Use of any UVair Cards delivered herewith shall constitute Client's acceptance of all terms of this UVair Cardholder Agreement
The Cardholder ("Client") agrees with Universal Weather and Aviation, Inc. ("Universal®") with respect to each UVair Fueling Card and UVair® Purchasing Card (referred to collectively as "UVair Card(s)") issued that:
1. USE OF THE UVair CARDS: The UVair Card, when issued, is not transferable. The UVair Fueling Card shall be used by Client only under the following terms and conditions: (a) ONLY for identification purposes by persons authorized by Client whose name is embossed on the UVair Fueling Card; (b) ONLY for presentation to suppliers designated in the UVair Airfield and Contract Fuel Price List ("Fuel Price List") then in effect; (c) if an aircraft registration number is embossed on the UVair Fueling Card, then ONLY to obtain Aviation Turbine Fuel and related services for such aircraft; and (d) ONLY prior to the earlier of the expiration date as embossed on the UVair Fueling Card, or the date Client is notified that the privileges accorded by the UVair Fueling Card have been revoked, canceled, suspended or terminated by Universal. The UVair Purchasing Card shall be used by Client only under the following terms and conditions: (a) ONLY for business related purchases (generally including, but not limited to, aircraft fuel/services/parts/supplies, goods and services delivered at an airport such as catering/ground transportation/rental vehicles, hotel accommodations, and food) for Client's trips within the United States by persons authorized by Client whose name is embossed on the UVair Purchasing Card; (b) ONLY for presentation to merchants within the United States whose goods and services are listed in a card intention group allowed by UVair, as well as to suppliers designated in the UVair Airfield and Contract Fuel Price List ("Fuel Price List") then in effect; (c) ONLY after the person authorized by Client whose name is embossed on the UVair Purchasing Card has signed the back of the card where indicated; and (d) ONLY prior to the earlier of the expiration date as embossed on the UVair Purchasing Card, or the date Client is notified that the privileges accorded by the UVair Purchasing Card have been revoked, canceled, suspended or terminated by Universal.

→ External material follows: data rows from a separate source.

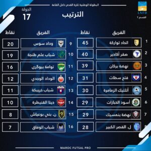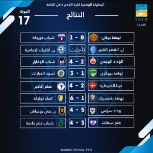 نتائج وترتيب الجولة 17 من البطولة الوطنية للفوتسال
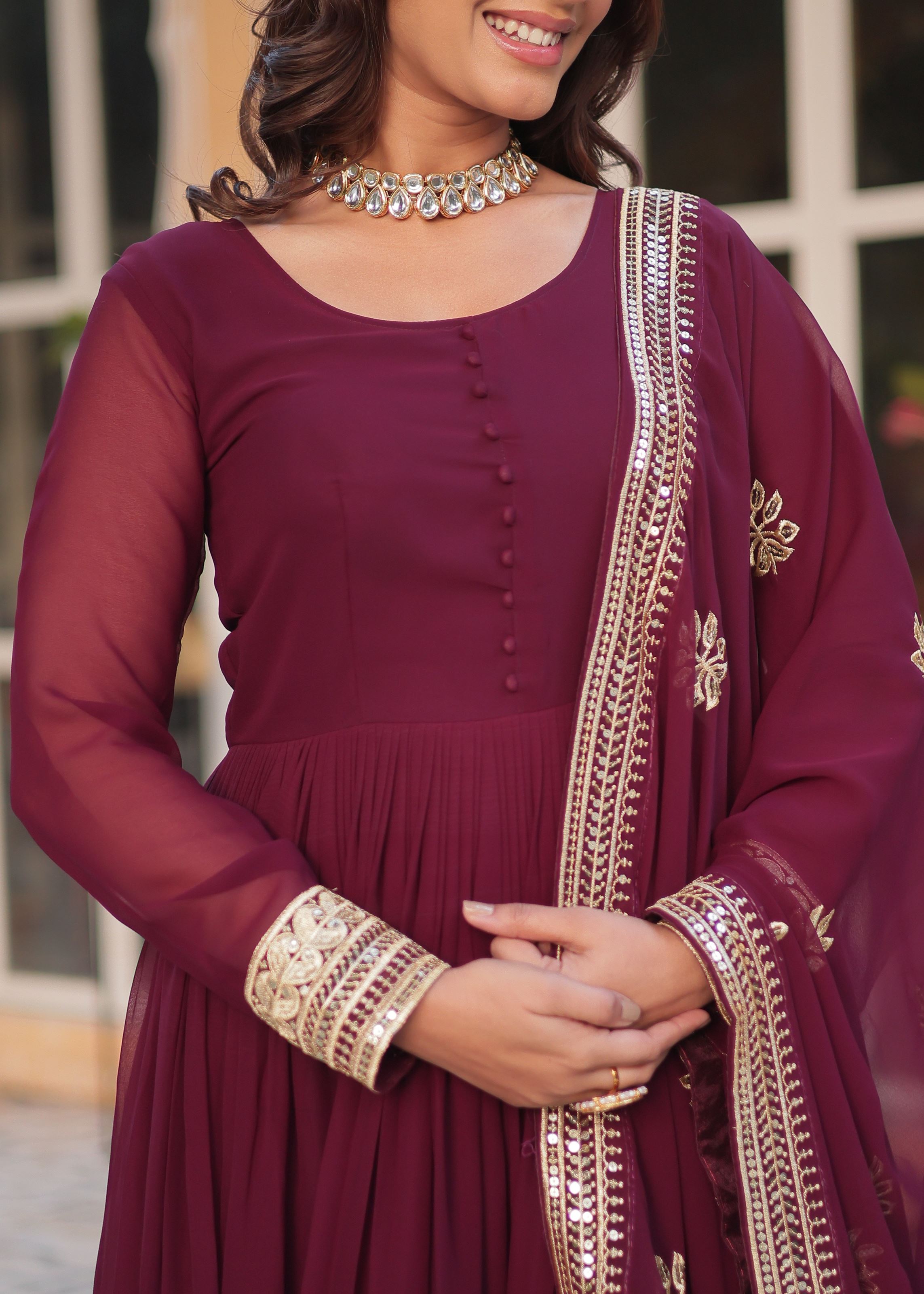 Maroon Faux Blooming Suit With Embroidery Zari Sequins-Work
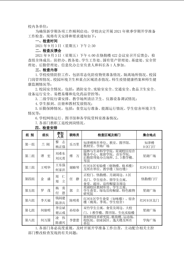关于开展2021年秋季学期开学准备工作检查的通知
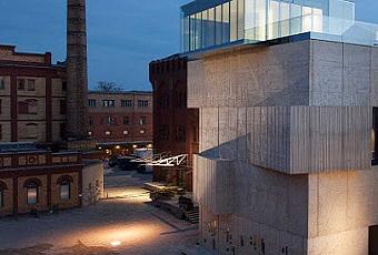 English version A stacked block chaining. The museum of architectural drawings hosting the Tchoban Foundation collection. For its construction, the Foundation purchased a small plot in the old complex Pfefferberg brewery in Berlin. The new museum building, designed by Sergei Tchoban and Sergei Kuznetsov, is located at the entrance to the complex adjacent to protected sites, and establishes a logical continuation of the development of the new cultural center of Prenzlauer Berg. The volume of the museum is formulated by stacking five blocks slightly offset from each other to clearly define the structure of the building. This collection of solid pieces culminates in a transparent block that overhangs above. The facades of the four blocks were made in concrete below. Fine textured finish is coated on all surfaces with embossed architectural drawings, resembling drawn sheets. Thus, the architects propose manifest activity that takes place inside, telling stories individual at various depths with different alignment angles to the wall. The volume of the first and third floor alternating compact surfaces with large planes of glass to establish evidence of access, located on the northwest side. Half of the 450 m2 area of the museum is used for exhibitions and the rest to other activities. Transposed the entrance hall, the ground floor is completed by the museum shop and the Wardrobe. The first and second floors contain exhibition rooms. The third floor formulated as a separate unit, it is used as a storage tank. The upper level coexist conference rooms and places for social activities with the workshop of restorers. A terrace can extend outside activities this unique museum.Escrito en: Arquitectura
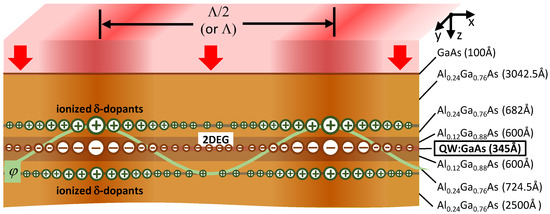 The band gap of bulk AlxGa1-xAs at liquid-helium temperatures is approximately 1.52 eV, 1.67 eV and 1.82 eV for = 0, = 0.12 and = 0.24, respectively [27], whereas the photon energy of the near-infrared (NIR) light with = 780 nm is 1.59 eV. Thus, the NIR light is very weakly attenuated by the 10 nm thick GaAs cap layer and the 35 nm thick GaAs QW but propagates without attenuation in the much thicker Al0.12Ga0.88As and Al0.24Ga0.76As barrier layers. Therefore, the NIR light can reach and ionize donors in the two δ-doping layers lying above and below the QW (Figure 1a and Figure 5). A periodically modulated flux of the NIR photons, realized by the interference of two (Figure 3a) or three (Figure 3b) plane waves at the surface of the Hall bar, will then photoionize the δ-doping donors (i.e., Si-donors [25,26]) and create two subsurface layers with a quasi-sinusoidal distribution of positive charges. We note that the weak absorption within the QW is not expected to play an important role in this process because the photo-generated electron-hole pairs quickly recombine and cannot change the charge state of Si-donors in the δ-doped regions. As a result, the 2DEG in the QW will move under the influence of a periodic electrostatic potential originating from these two layers with immobile positive charges. Following the previous discussion, the period of the subsurface charge distribution can be either or , as indicated in Figure 5.
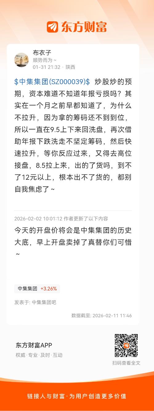 $中集集团(SZ000039)$ 炒股炒的预期,资本难道不知道年报亏损吗?其实在一个月之前早都知道了,为什么不拉升,因为拿的筹码还不到到位,所以一直在9.5上下来回洗盘,再次借助年报下跌洗走不坚定筹码,然后快速拉升,等你反应过来,又得去高位接盘,8.5拉上来,出的了货吗,到不了12元以上,根本出不了货的,都别自我焦虑了~
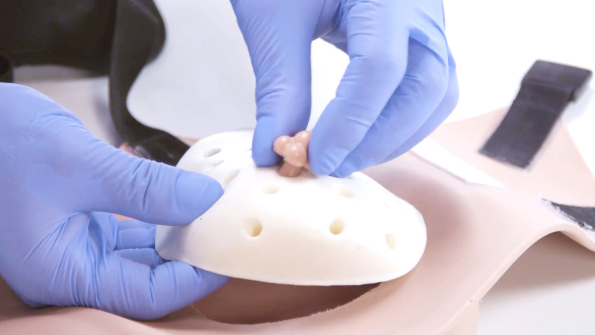 - Wearable breast component can be used with a simulated patient, strap fastenings can be adjusted to the wearer
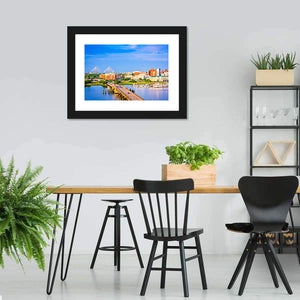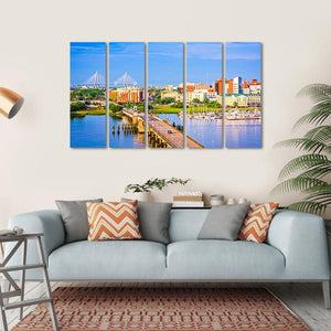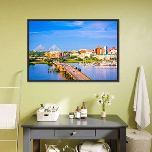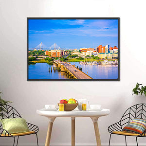 Capture the essence of Charleston with this vibrant canvas art featuring a picturesque city skyline, a striking suspension bridge, and boats gently docked along the waterfront. The bright blue and green palette evokes a sunny, urban atmosphere, making it a delightful addition to any wall décor.
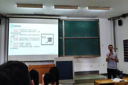 其中,在继续深造方面,他从坚定信念、听取建议、确定学校、制定规划、及时调整、作息合理、分清主次、认真填报等八个方面依次分析,耐心讲解,并通过结合实际事例,详细的为同学讲明了考研的相关事宜。在就业方面,他从找准定位,拓宽知识面、术业有专攻、积极听取建议,认真考取证书、积极参加竞赛、重视课外实习展开讲述,告知同学们提前准备,不留遗憾。此外,老师还带领同学们详细了解了考取公务员与教师编、自主创业、子承父业的过程。
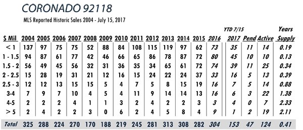 AUGUST Issue Coronado total MLS reported sales, active listings, month’s inventory supply, and median sales price** compared to the same period last year.

The UVair Card shall at all times remain the exclusive property of Universal which, at all times, shall be entitled, without liability and for any reason whatsoever, to revoke, cancel, suspend or terminate the UVair Card and all related privileges. Upon receipt of notification of revocation, cancellation, suspension, or termination, Client will immediately cease all use of the UVair Card, and will immediately surrender or return the UVair Card, as directed by Universal. No revocation, cancellation, suspension, or termination shall impair or prejudice any rights or claims by Universal accrued prior thereto, or arising out of the continued use of the UVair Card thereafter, and any reinstatement of the UVair Card by Universal shall not waive or prejudice any provisions herein.

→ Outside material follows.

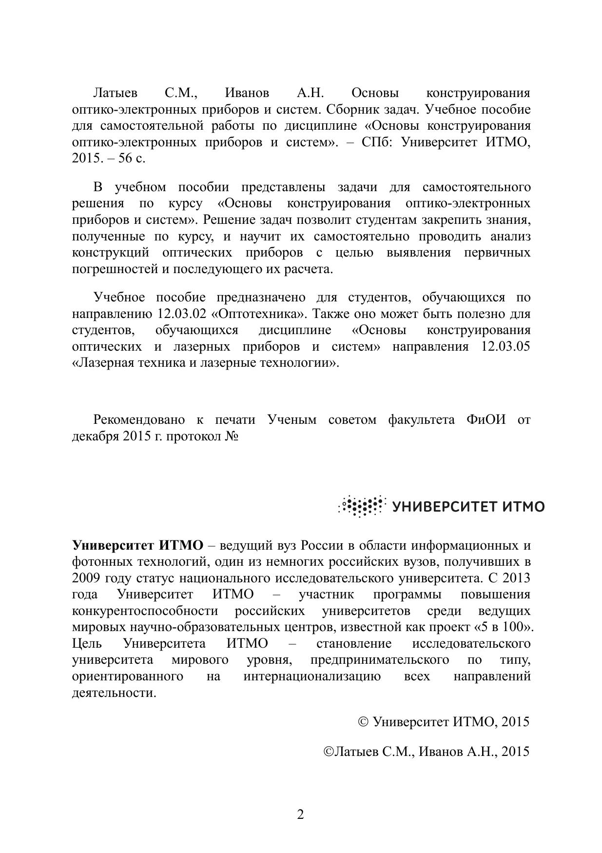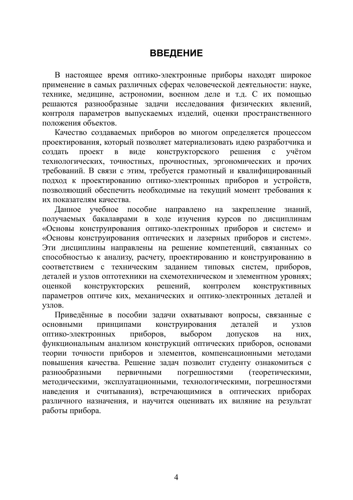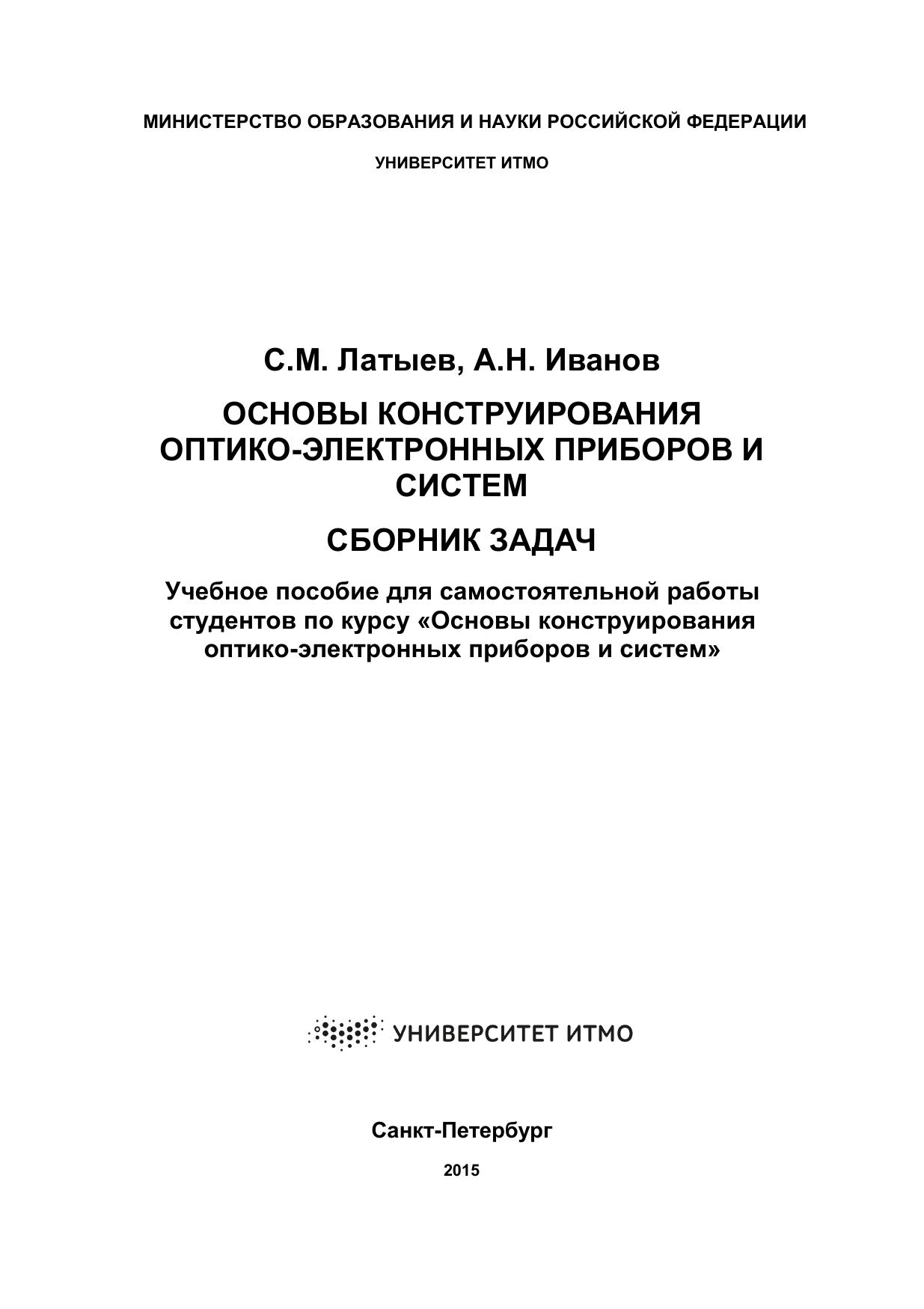 В учебном пособии представлены задачи для самостоятельного решения по курсу «Основы конструирования оптико-электронных приборов и систем». Решение задач позволит студентам закрепить знания, полученные по курсу, и научит их самостоятельно проводить анализ конструкций оптических приборов с целью выявления первичных погрешностей и последующего их расчета. Учебное пособие предназначено для студентов, обучающихся по направлению 12.03.02 «Оптотехника». Также оно может быть полезно для студентов, обучающихся дисциплине «Основы конструирования оптических и лазерных приборов и систем» направления 12.03.05 «Лазерная техника и лазерные технологии».

2. LOSS, THEFT, UNAUTHORIZED USE_OF UVair CARD: In the event of the loss, theft, or unauthorized use of the UVair Card, notice must be given to Universal in writing, by (a) hand delivery, (b) certified mail, return receipt requested, at UVair, 8787 Tallyho, Houston, Texas 77061, or (c) facsimile at (713) 943-4621. Telephone notice may be given at (713) 944-1622, but shall not be in lieu of written notice. While the UVair Purchasing Card may be used by Client with only Client's name embossed thereon, no chargebacks for unauthorized use of the UVair Purchasing Card will be granted to Client for transactions resulting from card usage where the name of Client's crew member or staff member is not also embossed on the UV Purchasing Card. In order to have a UVair Purchasing Card transaction that was disputed because of unauthorized use considered for a chargeback through the issuing bank, Client, as the cardholder of record with Universal, must (i) notify Universal and the issuing bank of any transaction(s) that Client so disputes within thirty (30) days after the last day of the cycle during which such transaction(s) are charged to Client and (ii) use commercially reasonable efforts to assist in attempting to obtain reimbursement from the merchant.

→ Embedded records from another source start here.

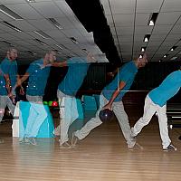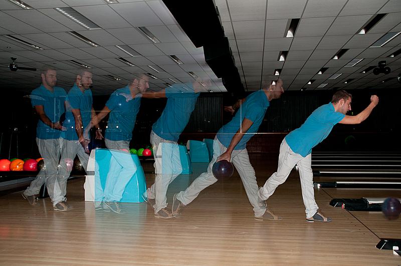 Met een, als stroboscoop ingestelde, flitser vastgelegde beweging van het uitspelen van een bowlingbal.
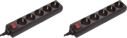 as – Schwabe 5-Way Power Strip Black with Switch 230 V / 16 A – Multiple Plug with 1.4 m Cable & Touch Protection – Sockets Rotated 45° – Multiple Socket Indoor – IP20, 35012
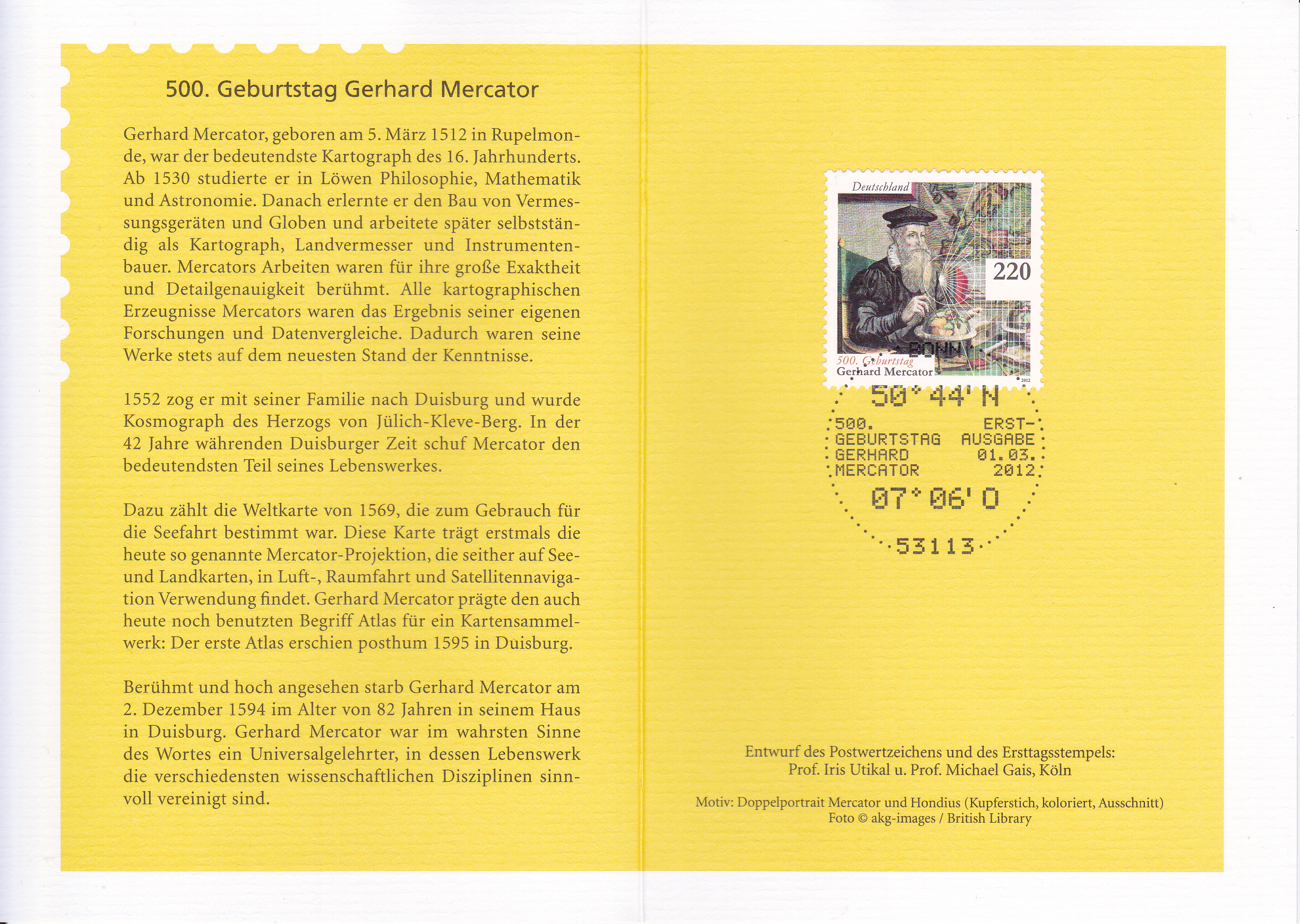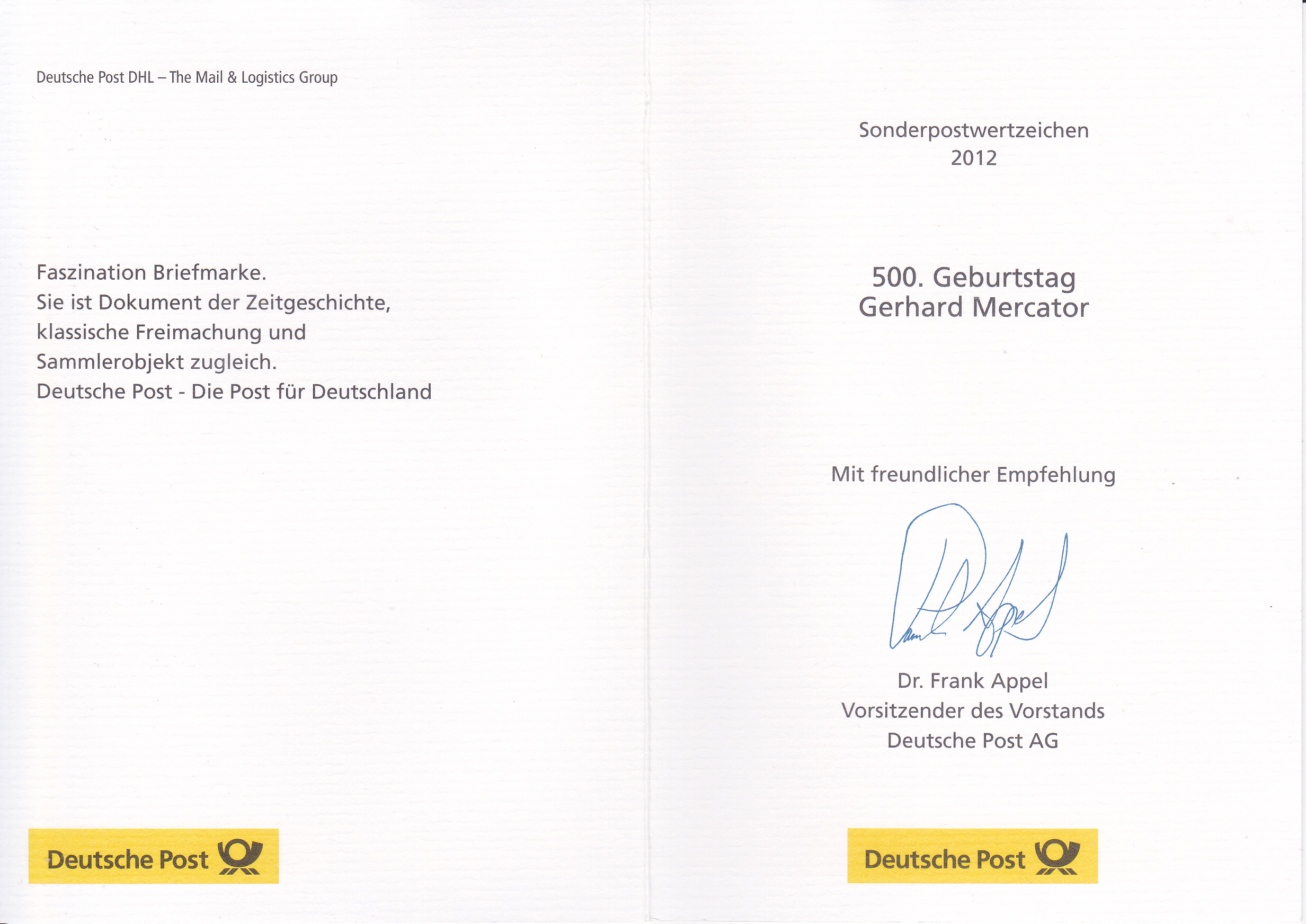Klappkarte des Vorstandsvorsitzenden der Deutschen Post AG mit der Marke der Deutschen Post zum 500. Geburtstag von Gerhard Mercator (MiNr 2961) und dem Ersttagsonderstempel Bonn.

3. TERM: This Agreement shall remain in force and shall automatically govern and apply to all subsequent UVair Cards issued to Client for all aircraft until specifically revoked, canceled, suspended, or terminated, or supplemented, amended or replaced as provided herein or in the Application for the UVair Card.
4. PRICES, INVOICES, AND PAYMENT: Client shall pay and reimburse Universal for all charges for fuel and any other services or products obtained or paid for through the use of the UVair Card, or otherwise supplied by or obtained through any arrangement made by Universal. Client shall pay or shall reimburse Universal for any tax, duty, fee, or other governmental charge on fuel and other services and products at such time as it is imposed or collected, even though retroactively imposed or collected. Charges for fuel received shall be as specified in UVair's online price estimator ("Estimator") at the time of fueling (such prices being subject to change without notice) except where special prior price arrangements have been made. Client understands that Universal shall receive a service fee for developing, coordinating and maintaining the UVair fuel program, which is customarily included in the prices stated in the applicable Fuel Price List. When Client uses the UVair Fueling Card, Universal's published disbursement charge will be added to each non-fuel disbursement made or arranged by Universal on Client's behalf. Disbursement charges for fuel will be as stated in the Fuel Price List.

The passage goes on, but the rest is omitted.